Naylors Run is a 4.6 mi tributary of Cobbs Creek in Haverford and Upper Darby Township, Pennsylvania, United States.

==History and geographical features==
In 1975, a small dam was built near Naylors Run Park to help control flooding.

Naylors Run flows underground in Upper Darby from Sherbrook Boulevard to Walnut Park Drive, where it joins Cobbs Creek. Thousands of feet of Naylors Run were channeled into underground culverts to facilitate commercial and residential development in the filled land above the pipes. Naylors Run joins Cobbs Creek near 63rd st and Cedar Lane.

Naylors Run would normally be an intermittent stream, but it has become a perennially flowing stream because of the treated water discharged from the Havertown PCP Superfund water treatment facility.

==Havertown PCP superfund site pollution==
The Havertown PCP Superfund site severely polluted Naylors Run. National Wood Preservers (NWP) operated a wood preservation treatment plant at the intersection of Eagle Road and West Hillcrest Avenue in Havertown from 1947 to 1991. During its operations, chemicals used to treat wood and waste products were dumped into a well on the property. These chemicals fed directly into Naylors Run.

In 1962, the Pennsylvania Department of Health discovered pollution leaking into Naylors Run and attributed it to NWP's waste disposal practices after receiving complaints from local residents about an oily substance being discharged from a sewer pipe. Analysis of water samples from Naylors Creek measured pentachlorophenol (PCP) concentrations of 0.5 parts per million (ppm). Concentrations of PCP at 0.2 ppm are lethal to fish. The Environmental Protection Agency (EPA) ranked the Havertown PCP Superfund site the eighth worst cleanup project in the United States.

In 1976, the Environmental Protection Agency (EPA) initiated clean-up action under section 311 of the Clean Water Act. They installed filter fences to remove PCP contaminated oil from the surface water of Naylors Run. They sealed a sanitary sewer pipe and attempted to seal a storm sewer drain but contaminants continued to drain directly into Naylors Run.

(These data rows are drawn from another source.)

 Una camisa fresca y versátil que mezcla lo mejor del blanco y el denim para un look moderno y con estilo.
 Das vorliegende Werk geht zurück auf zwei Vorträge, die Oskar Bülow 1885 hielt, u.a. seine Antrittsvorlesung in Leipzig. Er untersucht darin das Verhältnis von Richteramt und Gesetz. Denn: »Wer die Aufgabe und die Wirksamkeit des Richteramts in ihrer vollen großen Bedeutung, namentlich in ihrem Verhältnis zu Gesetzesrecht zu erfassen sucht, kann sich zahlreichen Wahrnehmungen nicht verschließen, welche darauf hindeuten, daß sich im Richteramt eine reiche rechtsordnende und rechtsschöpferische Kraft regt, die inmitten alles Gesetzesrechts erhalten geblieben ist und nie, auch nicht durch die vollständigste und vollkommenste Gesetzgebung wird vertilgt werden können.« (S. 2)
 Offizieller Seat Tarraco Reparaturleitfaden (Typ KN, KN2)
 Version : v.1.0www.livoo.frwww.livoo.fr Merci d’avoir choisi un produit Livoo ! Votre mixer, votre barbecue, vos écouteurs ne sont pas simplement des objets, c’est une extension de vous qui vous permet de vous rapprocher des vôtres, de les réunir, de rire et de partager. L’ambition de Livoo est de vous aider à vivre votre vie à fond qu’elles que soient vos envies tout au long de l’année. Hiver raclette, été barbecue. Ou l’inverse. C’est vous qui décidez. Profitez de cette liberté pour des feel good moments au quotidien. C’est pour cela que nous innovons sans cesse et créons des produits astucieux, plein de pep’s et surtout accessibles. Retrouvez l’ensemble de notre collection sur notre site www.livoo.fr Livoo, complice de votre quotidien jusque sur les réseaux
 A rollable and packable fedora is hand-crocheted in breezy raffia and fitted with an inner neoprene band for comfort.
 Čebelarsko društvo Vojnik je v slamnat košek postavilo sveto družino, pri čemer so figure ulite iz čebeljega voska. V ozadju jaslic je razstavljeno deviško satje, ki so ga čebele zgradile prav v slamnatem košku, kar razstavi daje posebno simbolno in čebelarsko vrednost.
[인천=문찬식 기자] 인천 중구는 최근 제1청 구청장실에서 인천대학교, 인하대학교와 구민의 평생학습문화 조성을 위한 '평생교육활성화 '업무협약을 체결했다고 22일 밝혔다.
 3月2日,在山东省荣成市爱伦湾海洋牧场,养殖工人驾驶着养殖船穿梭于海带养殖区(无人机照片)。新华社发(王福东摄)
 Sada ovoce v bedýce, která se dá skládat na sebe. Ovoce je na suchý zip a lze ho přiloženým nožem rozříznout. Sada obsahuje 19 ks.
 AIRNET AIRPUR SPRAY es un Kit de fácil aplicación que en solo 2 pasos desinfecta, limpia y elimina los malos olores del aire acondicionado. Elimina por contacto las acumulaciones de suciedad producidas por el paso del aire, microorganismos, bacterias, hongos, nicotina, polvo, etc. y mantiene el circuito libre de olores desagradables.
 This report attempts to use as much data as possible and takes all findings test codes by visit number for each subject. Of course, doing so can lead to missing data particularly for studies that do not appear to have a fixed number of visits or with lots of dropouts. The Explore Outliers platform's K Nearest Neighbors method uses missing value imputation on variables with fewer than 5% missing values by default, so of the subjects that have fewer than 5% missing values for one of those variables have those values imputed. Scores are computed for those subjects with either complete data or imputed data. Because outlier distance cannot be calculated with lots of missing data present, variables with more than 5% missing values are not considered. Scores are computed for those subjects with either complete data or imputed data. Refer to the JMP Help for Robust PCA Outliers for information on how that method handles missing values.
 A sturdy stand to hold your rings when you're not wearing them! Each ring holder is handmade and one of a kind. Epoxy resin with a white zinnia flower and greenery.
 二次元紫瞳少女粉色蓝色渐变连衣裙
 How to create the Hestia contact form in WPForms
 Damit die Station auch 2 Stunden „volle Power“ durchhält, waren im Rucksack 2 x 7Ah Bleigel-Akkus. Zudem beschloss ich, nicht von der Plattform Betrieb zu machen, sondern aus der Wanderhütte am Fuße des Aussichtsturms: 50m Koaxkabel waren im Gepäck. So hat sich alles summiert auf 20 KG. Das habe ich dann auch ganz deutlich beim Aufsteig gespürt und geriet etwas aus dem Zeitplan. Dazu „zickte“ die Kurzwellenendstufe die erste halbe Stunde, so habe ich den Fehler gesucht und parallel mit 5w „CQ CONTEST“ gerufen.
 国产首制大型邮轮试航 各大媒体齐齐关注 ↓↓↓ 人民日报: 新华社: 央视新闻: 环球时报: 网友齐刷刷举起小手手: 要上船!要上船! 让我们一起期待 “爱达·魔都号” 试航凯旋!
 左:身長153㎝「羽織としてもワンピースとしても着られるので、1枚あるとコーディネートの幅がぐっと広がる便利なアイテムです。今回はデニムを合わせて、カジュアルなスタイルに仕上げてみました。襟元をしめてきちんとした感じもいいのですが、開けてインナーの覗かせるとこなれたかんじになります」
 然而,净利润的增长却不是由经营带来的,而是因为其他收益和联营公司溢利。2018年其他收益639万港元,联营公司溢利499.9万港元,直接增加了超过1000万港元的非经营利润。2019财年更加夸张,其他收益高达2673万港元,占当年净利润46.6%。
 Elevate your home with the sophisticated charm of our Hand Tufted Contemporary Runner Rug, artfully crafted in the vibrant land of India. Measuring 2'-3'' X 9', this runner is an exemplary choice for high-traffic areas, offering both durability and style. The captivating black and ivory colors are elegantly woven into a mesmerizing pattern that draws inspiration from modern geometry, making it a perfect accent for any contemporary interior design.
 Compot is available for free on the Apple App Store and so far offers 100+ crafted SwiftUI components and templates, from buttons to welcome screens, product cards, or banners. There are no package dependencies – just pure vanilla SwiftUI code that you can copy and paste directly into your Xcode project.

From 1981 to 1983, the EPA conducted an investigation to determine the level of contamination of Naylors Run. It was believed that 90% of the PCP released into the stream had been absorbed into the sediment and could potentially act as a secondary source of contamination. At the EPA's recommendation, NWP posted signs along Naylors Run to warn about the health risks.

In 1987, the EPA tested samples from nine locations in Naylors Run and detected contaminants such as arsenic, benzo(a)anthracene, benzo(a)pyrene, dioxins, and PCP.

In 1989, the EPA installed a catch-basin and oil/water separator for the storm drain effluent into Naylors Run. The oil/water separator was removed after installation of recovery wells and a water treatment facility at the main contamination site in 2001.

In 2008, the EPA determined that sediment and surface water in Naylors Run did not contain contaminants from the Havertown PCP Superfund site in excess of EPA risk levels. They did however determine that the stream contained other chemicals in excess of EPA risk levels from sources other than the Superfund site.

Remediation and monitoring efforts are ongoing and the EPA transferred control of the superfund site to the Pennsylvania Department of Environmental Protection in 2013. The site was deemed to be "short-term protective of human health and the environment" in the sixth five-year report conducted by the EPA in 2020.